On previous searching, I found this in place in another distro, ?? arch linux. So not new for ubuntu.

Changed in libvirt (Ubuntu):
assignee: nobody → Dustin Kirkland (kirkland)
Changed in libvirt (Ubuntu Lucid):
status: Triaged → In Progress
status: In Progress → Fix Committed
Revision history for this message
Launchpad Janitor (janitor) wrote :

This bug was fixed in the package libvirt - 0.7.5-5ubuntu16

---------------
libvirt (0.7.5-5ubuntu16) lucid; urgency=low

  * debian/libvirt-bin.upstart: libvirt has a nasty habit of leaving
    it's pidfile lying around when/if it crashes; add a pre-start
    check that removes the pidfile if it exists but the daemon is
    not actually running, LP: #510658
 -- Dustin Kirkland <email address hidden> Thu, 01 Apr 2010 19:47:04 -0500

Changed in libvirt (Ubuntu Lucid):
status: Fix Committed → Fix Released
Revision history for this message
Loïc Minier (lool) wrote :

a) shouldn't libvirtd handle this by itself as the other daemons do? I realize upstart is in the proper position to know that the service crashed, but upstart doesn't care about the pid file

b) perhaps this:
[ -f /var/run/libvirtd.pid ] && rm -f /var/run/libvirtd.pid
could simply be:
rm -f /var/run/libvirtd.pid

c) pidof /usr/sbin/libvirtd seems fragile to me; upstart must really have a good reason if it starts the libvirt-bin job; either this tests for an upstart bug, or this might match a locally started libvirtd; in either case, I don't think this test is needed.

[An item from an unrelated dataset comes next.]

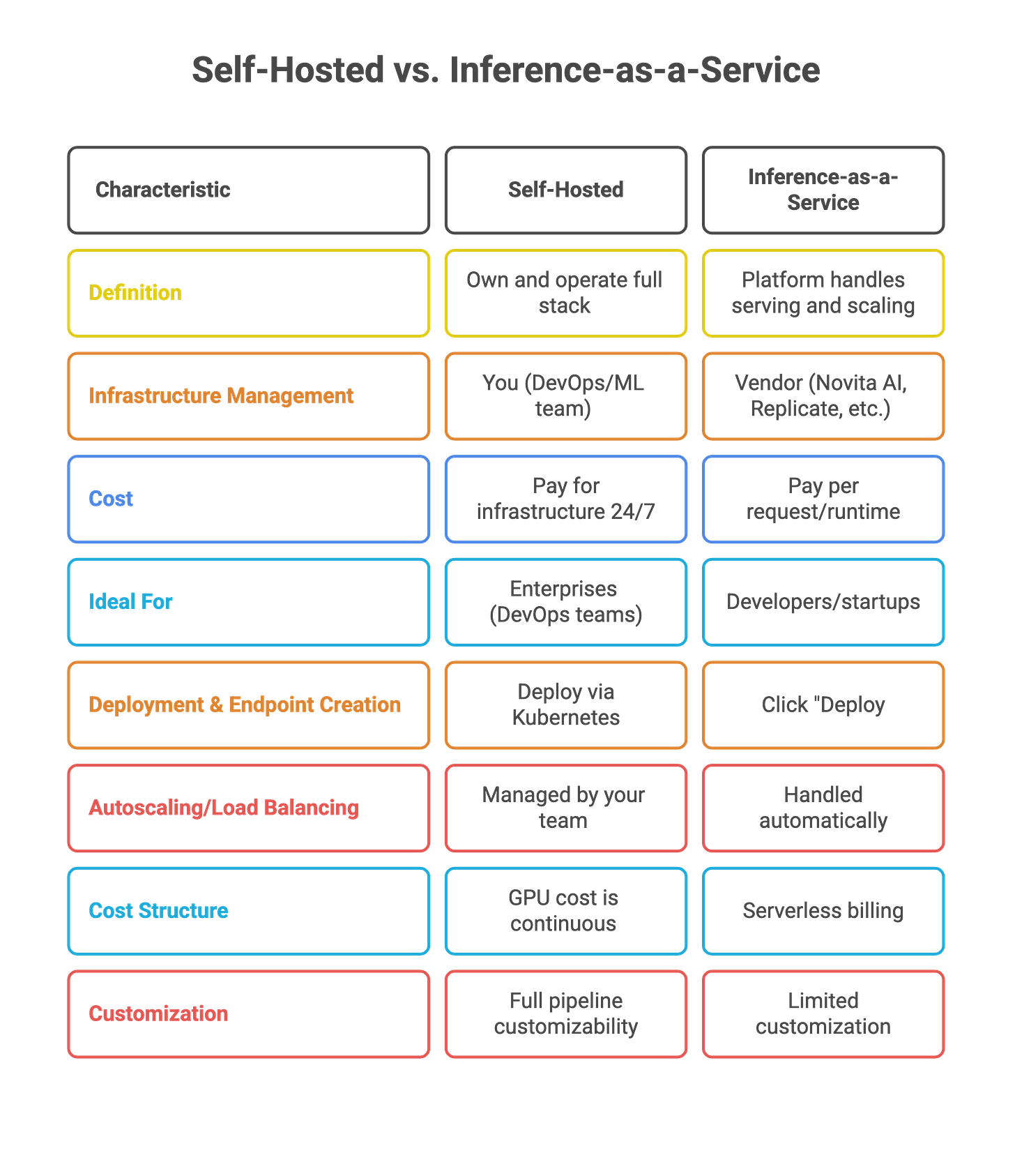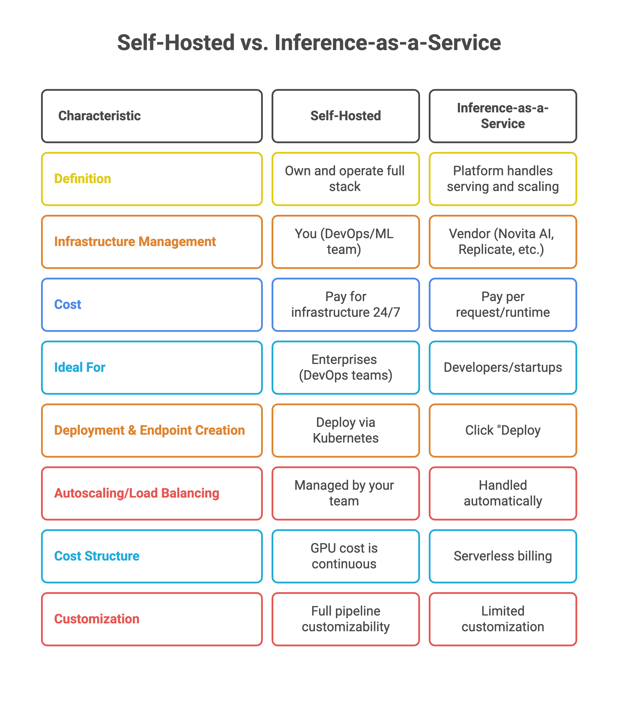 This is where the choice between self-hosted and inference-as-a-service solutions becomes pivotal.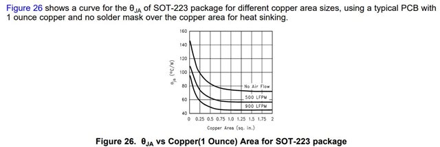 As you see for 0.5 sq. in. area of copper the Theta JA is around 90 C/W.

Revision history for this message
Dustin Kirkland  (kirkland) wrote :

Hi Loic-

 a) If it was kill -9'd, I don't think the daemon can trap and handle that.

 b) Agreed. I'll change this in the next upload.

 c) I'm up for other ideas, here, but I think pidof() is about the best we can do at this point. I don't think this is about working around upstart bugs as much as it's about cleaning up libvirt's pid file. Agreed, libvirtd should be better about that (and better about not crashing). But fact is, it does die, it does leave its pidfile around, this does prevent libvirt from starting subsequently, and this does annoying Ubuntu users.

You're welcome to upload another one on top of my next upload that cleans this up a little, if you have better solution(s).

As usual, thanks for the feedback, Loic!

Changed in libvirt (Ubuntu Lucid):
status: Fix Released → In Progress
Revision history for this message
Jamie Strandboge (jdstrand) wrote :

Dustin's right on 'a'. Can't catch -9 and if libvirtd dies for some reason, its pid file is left around.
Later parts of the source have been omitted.